* Exercise requirements
For this exercise, write each entry below out precisely and omit the pictures.

____________________

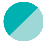
* Seafoam w/ Lt. Blue Start ship 4/15/12.
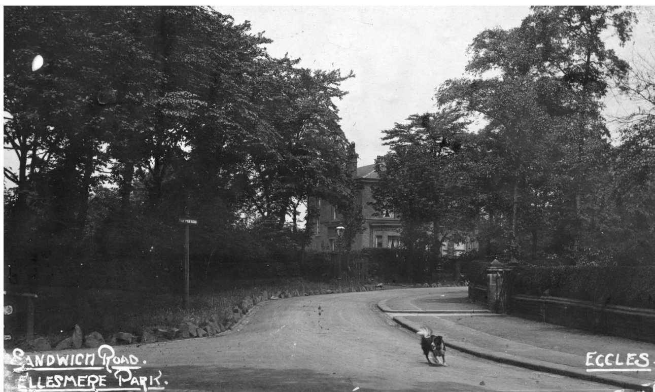
Sandwich Road 1 - c1895

The photograph Sandwich Road 1 – c1895 was taken at the junction of Victoria Road and Sandwich Road. The large house in the background is Sunny Bank which can be seen on both the 1893 and 1908 maps of the area. After Sunny Bank was demolished a development of four detached properties were built on the site, now called Sunnybank.
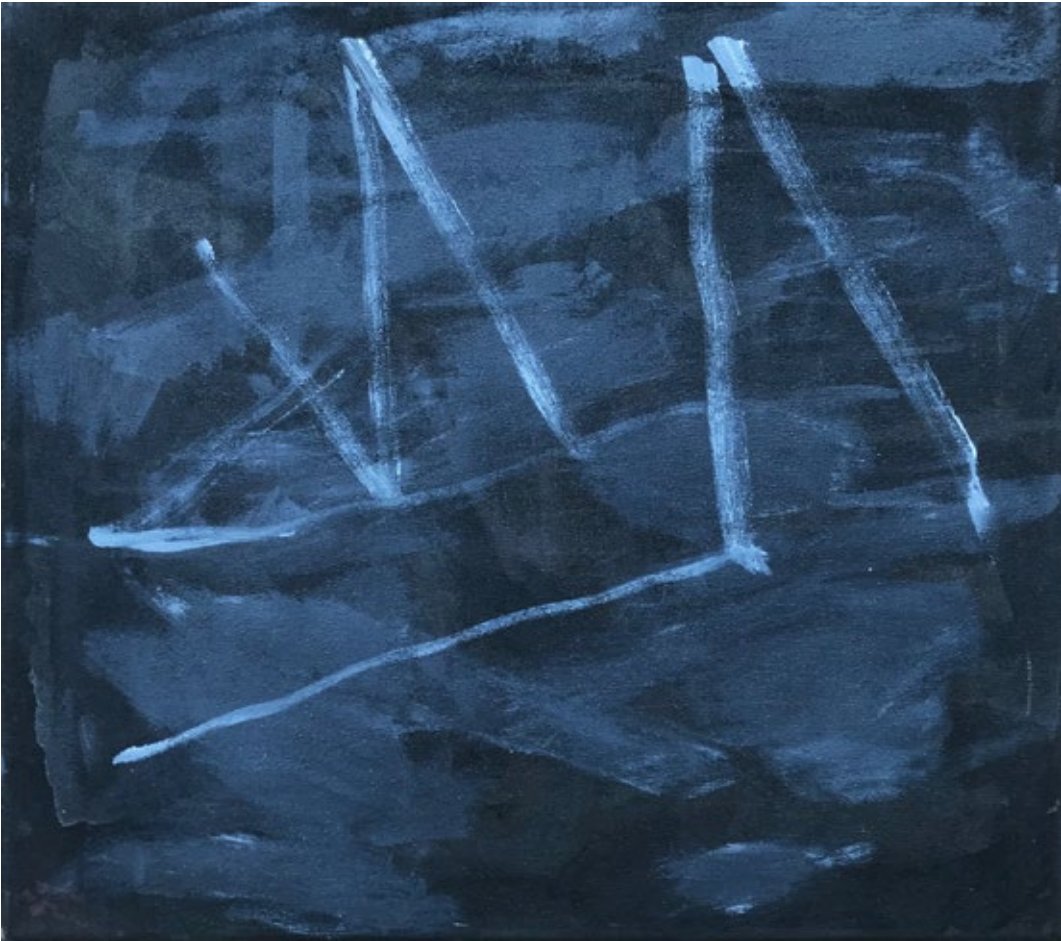
Night Garden (Submerged) , 2019 Acrylic on canvas 40.9 × 46.2 cm
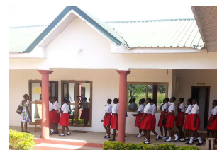
At the Youth Parliament 2015

Over the last few years, YHFG has been very successful in building cooperations with national and international partners, e.g. Christian AID (UK), RFSU (Sweden), UNICEF, Marie Stopes International, Ghana Education Services and Ghana Health Services. The joint activities of JPG and YHFG are mostly connected to the YHFG Youth Centre, which was commissioned in 2009 in a project funded by the Landesstiftung Baden Württemberg. In 2014, with funds from the German government, a new study and youth centre SKILL (Secure Knowledge Into Lifelong Learning) was constructed to establish a remedial school for senior high school students.
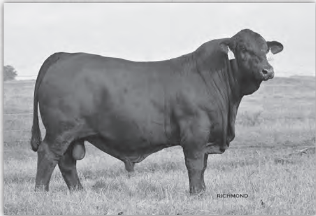
Hollywood of Salacoa 23A53
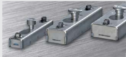
➤ Shuttering magnets
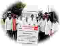
Lakkondahalli FPCCL BODs
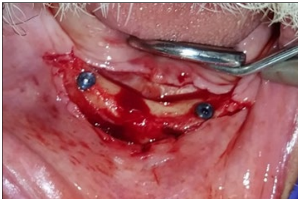
Figure 3. Implant insertion in canine-to-canine region.

The bio line narrow platform implants; size 3.5 mm × 13 mm and 3.75 mm × 13 mm were placed by surgically raising flap in canine-to-canine region ( Figures 3 & 4 ).
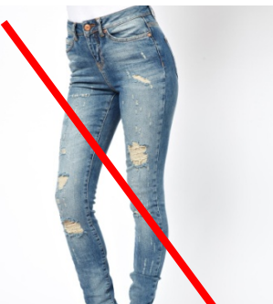
Torn pants are not appropriate
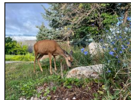
The Foundation's mascot came out to eat and make sure everyone had a good time.
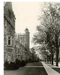
Lawyers Club, ca. 1925

1954 - Department of Atmospheric, Oceanic, and Space Sciences founded. 22
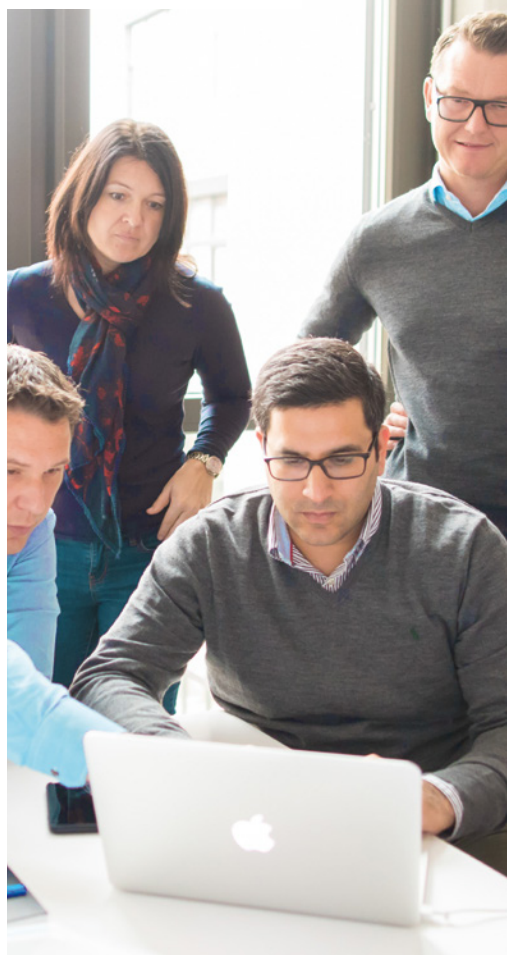
No 3 Practice-oriented knowledge
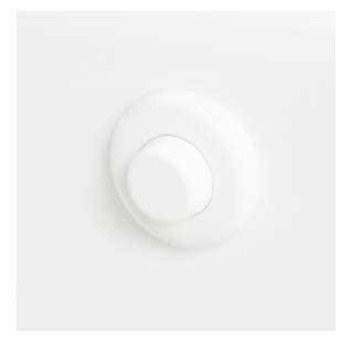
Raised air switch button for simple on/off operation of whirlpool.
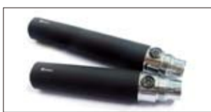
2.1 Joye eGo/eGo-T Battery Capacity: 900mAh, 1000mAh Constant voltage output: 3.3V With electronic button protection (eGo battery does not have this function) Charging time: 900mAh(2h min), 1000mAh(3.5h min)

____________________

* Written answer
* Seafoam w/ Lt. Blue Start ship 4/15/12.
Sandwich Road 1 - c1895

The photograph Sandwich Road 1 – c1895 was taken at the junction of Victoria Road and Sandwich Road. The large house in the background is Sunny Bank which can be seen on both the 1893 and 1908 maps of the area. After Sunny Bank was demolished a development of four detached properties were built on the site, now called Sunnybank.
Night Garden (Submerged) , 2019 Acrylic on canvas 40.9 × 46.2 cm
At the Youth Parliament 2015

Over the last few years, YHFG has been very successful in building cooperations with national and international partners, e.g. Christian AID (UK), RFSU (Sweden), UNICEF, Marie Stopes International, Ghana Education Services and Ghana Health Services. The joint activities of JPG and YHFG are mostly connected to the YHFG Youth Centre, which was commissioned in 2009 in a project funded by the Landesstiftung Baden Württemberg. In 2014, with funds from the German government, a new study and youth centre SKILL (Secure Knowledge Into Lifelong Learning) was constructed to establish a remedial school for senior high school students.
Hollywood of Salacoa 23A53
➤ Shuttering magnets
Lakkondahalli FPCCL BODs
Figure 3. Implant insertion in canine-to-canine region.

The bio line narrow platform implants; size 3.5 mm × 13 mm and 3.75 mm × 13 mm were placed by surgically raising flap in canine-to-canine region ( Figures 3 & 4 ).
Torn pants are not appropriate
The Foundation's mascot came out to eat and make sure everyone had a good time.
Lawyers Club, ca. 1925

1954 - Department of Atmospheric, Oceanic, and Space Sciences founded. 22
No 3 Practice-oriented knowledge
Raised air switch button for simple on/off operation of whirlpool.
2.1 Joye eGo/eGo-T Battery Capacity: 900mAh, 1000mAh Constant voltage output: 3.3V With electronic button protection (eGo battery does not have this function) Charging time: 900mAh(2h min), 1000mAh(3.5h min)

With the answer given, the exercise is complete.